● **Work to be completed**: All entries are to be copied exactly, with pictures removed.
*** Opening Records for the exercise ***
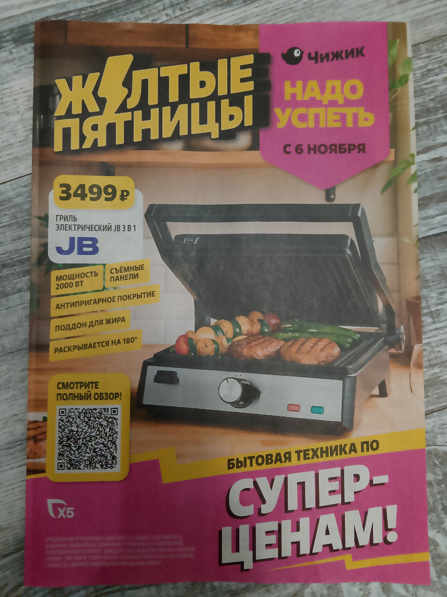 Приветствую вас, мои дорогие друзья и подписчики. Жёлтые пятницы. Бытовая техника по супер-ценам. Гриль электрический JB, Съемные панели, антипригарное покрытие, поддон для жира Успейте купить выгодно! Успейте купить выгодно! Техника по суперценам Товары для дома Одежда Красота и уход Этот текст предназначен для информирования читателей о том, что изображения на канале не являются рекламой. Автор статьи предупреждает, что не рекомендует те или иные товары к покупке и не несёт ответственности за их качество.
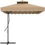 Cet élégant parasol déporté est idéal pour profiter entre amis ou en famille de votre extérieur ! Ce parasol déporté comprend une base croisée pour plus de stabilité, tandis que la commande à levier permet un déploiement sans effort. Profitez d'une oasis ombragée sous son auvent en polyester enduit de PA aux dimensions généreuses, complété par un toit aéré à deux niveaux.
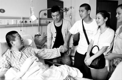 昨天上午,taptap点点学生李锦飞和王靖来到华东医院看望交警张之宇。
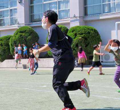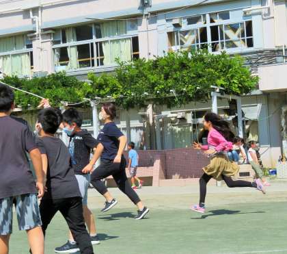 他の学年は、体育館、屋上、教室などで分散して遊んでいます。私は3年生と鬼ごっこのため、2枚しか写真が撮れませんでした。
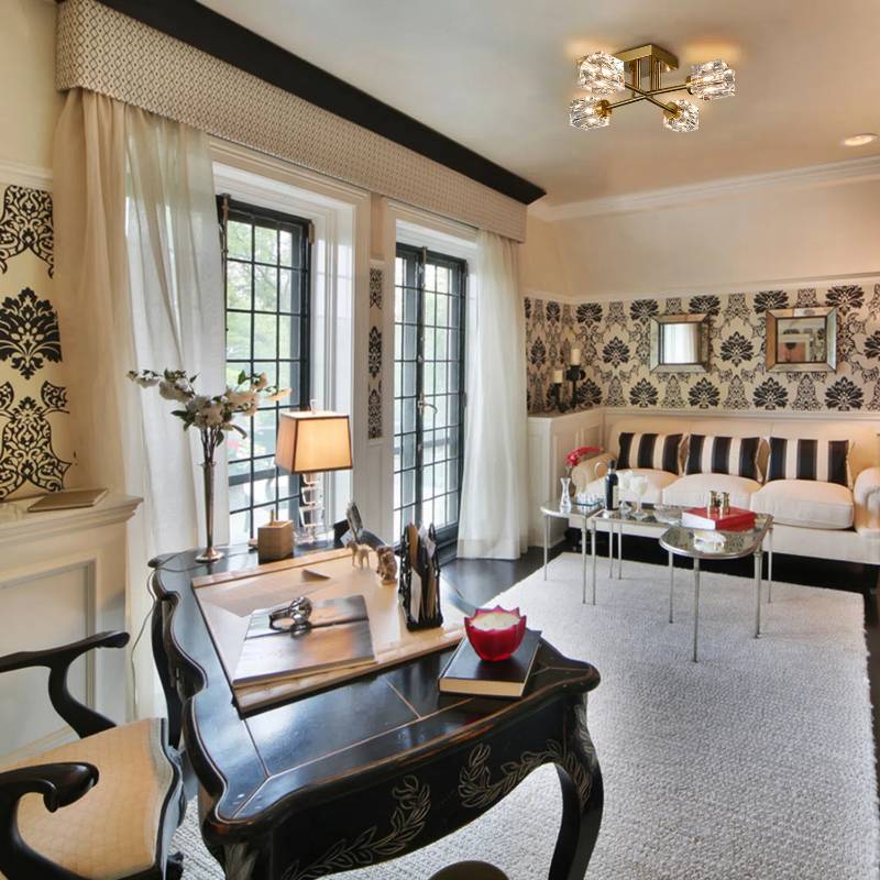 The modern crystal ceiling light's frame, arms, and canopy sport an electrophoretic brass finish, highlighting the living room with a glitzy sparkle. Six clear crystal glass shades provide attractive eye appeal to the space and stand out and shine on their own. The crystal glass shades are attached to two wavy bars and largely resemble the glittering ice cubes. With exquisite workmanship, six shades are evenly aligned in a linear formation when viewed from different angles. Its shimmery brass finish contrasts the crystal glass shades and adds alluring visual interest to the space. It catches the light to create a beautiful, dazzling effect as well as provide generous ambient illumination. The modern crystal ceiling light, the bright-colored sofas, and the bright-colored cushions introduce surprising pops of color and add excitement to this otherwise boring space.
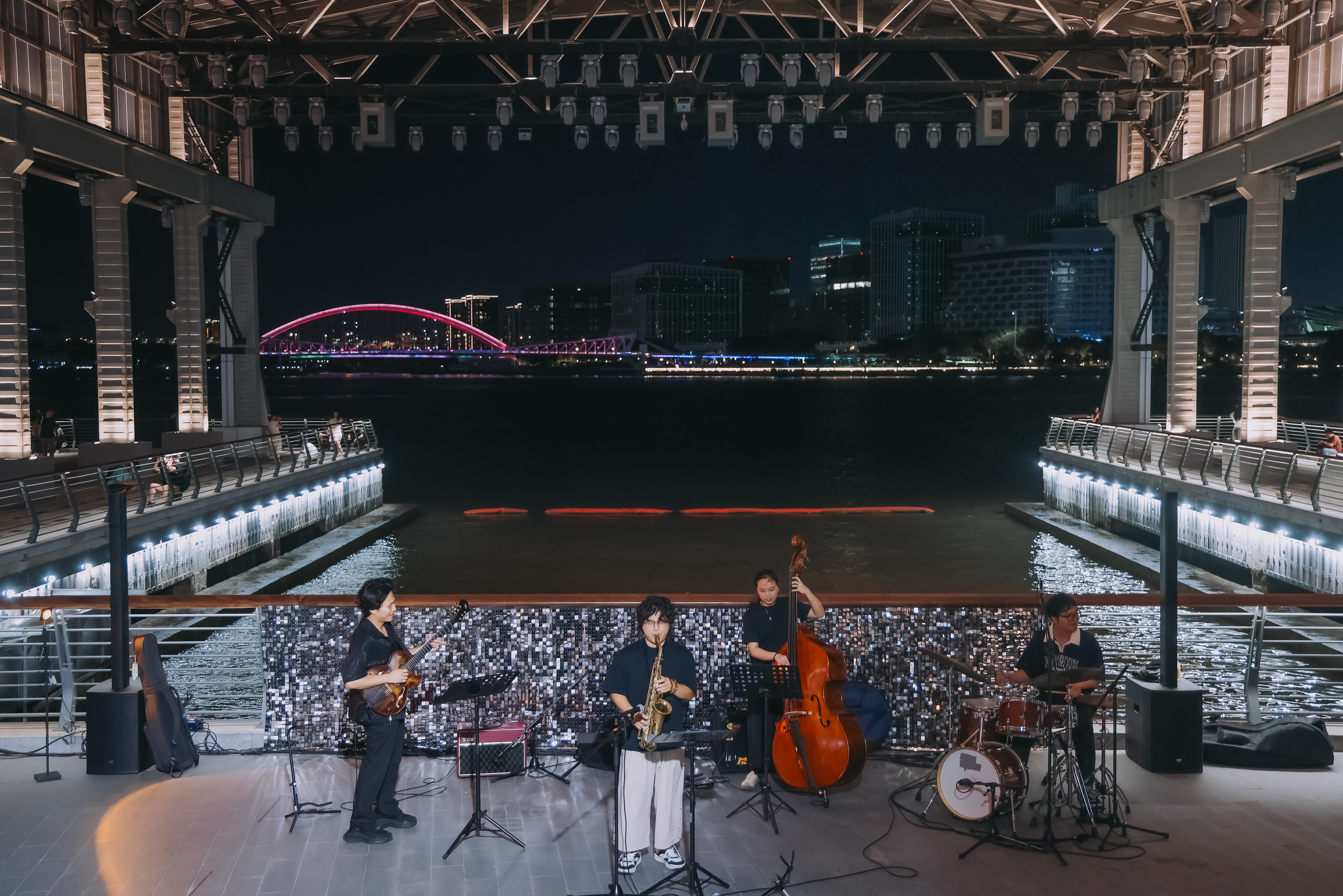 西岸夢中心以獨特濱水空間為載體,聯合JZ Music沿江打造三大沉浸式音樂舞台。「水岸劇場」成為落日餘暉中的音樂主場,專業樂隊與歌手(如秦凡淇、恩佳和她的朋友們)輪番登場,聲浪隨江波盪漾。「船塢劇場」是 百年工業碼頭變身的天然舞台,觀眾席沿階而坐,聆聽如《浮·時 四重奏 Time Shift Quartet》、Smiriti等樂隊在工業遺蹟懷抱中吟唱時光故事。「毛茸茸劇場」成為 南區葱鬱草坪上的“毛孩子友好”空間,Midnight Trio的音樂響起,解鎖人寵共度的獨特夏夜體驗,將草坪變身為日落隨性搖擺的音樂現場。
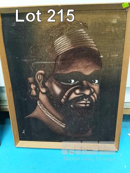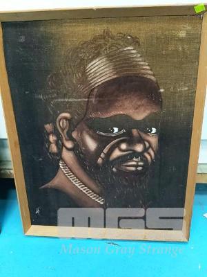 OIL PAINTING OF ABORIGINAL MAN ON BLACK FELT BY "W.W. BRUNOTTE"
*** Closing Records for the exercise ***
● **Your response**:
 Приветствую вас, мои дорогие друзья и подписчики. Жёлтые пятницы. Бытовая техника по супер-ценам. Гриль электрический JB, Съемные панели, антипригарное покрытие, поддон для жира Успейте купить выгодно! Успейте купить выгодно! Техника по суперценам Товары для дома Одежда Красота и уход Этот текст предназначен для информирования читателей о том, что изображения на канале не являются рекламой. Автор статьи предупреждает, что не рекомендует те или иные товары к покупке и не несёт ответственности за их качество.
 Cet élégant parasol déporté est idéal pour profiter entre amis ou en famille de votre extérieur ! Ce parasol déporté comprend une base croisée pour plus de stabilité, tandis que la commande à levier permet un déploiement sans effort. Profitez d'une oasis ombragée sous son auvent en polyester enduit de PA aux dimensions généreuses, complété par un toit aéré à deux niveaux.
 昨天上午,taptap点点学生李锦飞和王靖来到华东医院看望交警张之宇。
 他の学年は、体育館、屋上、教室などで分散して遊んでいます。私は3年生と鬼ごっこのため、2枚しか写真が撮れませんでした。
 The modern crystal ceiling light's frame, arms, and canopy sport an electrophoretic brass finish, highlighting the living room with a glitzy sparkle. Six clear crystal glass shades provide attractive eye appeal to the space and stand out and shine on their own. The crystal glass shades are attached to two wavy bars and largely resemble the glittering ice cubes. With exquisite workmanship, six shades are evenly aligned in a linear formation when viewed from different angles. Its shimmery brass finish contrasts the crystal glass shades and adds alluring visual interest to the space. It catches the light to create a beautiful, dazzling effect as well as provide generous ambient illumination. The modern crystal ceiling light, the bright-colored sofas, and the bright-colored cushions introduce surprising pops of color and add excitement to this otherwise boring space.
 西岸夢中心以獨特濱水空間為載體,聯合JZ Music沿江打造三大沉浸式音樂舞台。「水岸劇場」成為落日餘暉中的音樂主場,專業樂隊與歌手(如秦凡淇、恩佳和她的朋友們)輪番登場,聲浪隨江波盪漾。「船塢劇場」是 百年工業碼頭變身的天然舞台,觀眾席沿階而坐,聆聽如《浮·時 四重奏 Time Shift Quartet》、Smiriti等樂隊在工業遺蹟懷抱中吟唱時光故事。「毛茸茸劇場」成為 南區葱鬱草坪上的“毛孩子友好”空間,Midnight Trio的音樂響起,解鎖人寵共度的獨特夏夜體驗,將草坪變身為日落隨性搖擺的音樂現場。
 OIL PAINTING OF ABORIGINAL MAN ON BLACK FELT BY "W.W. BRUNOTTE"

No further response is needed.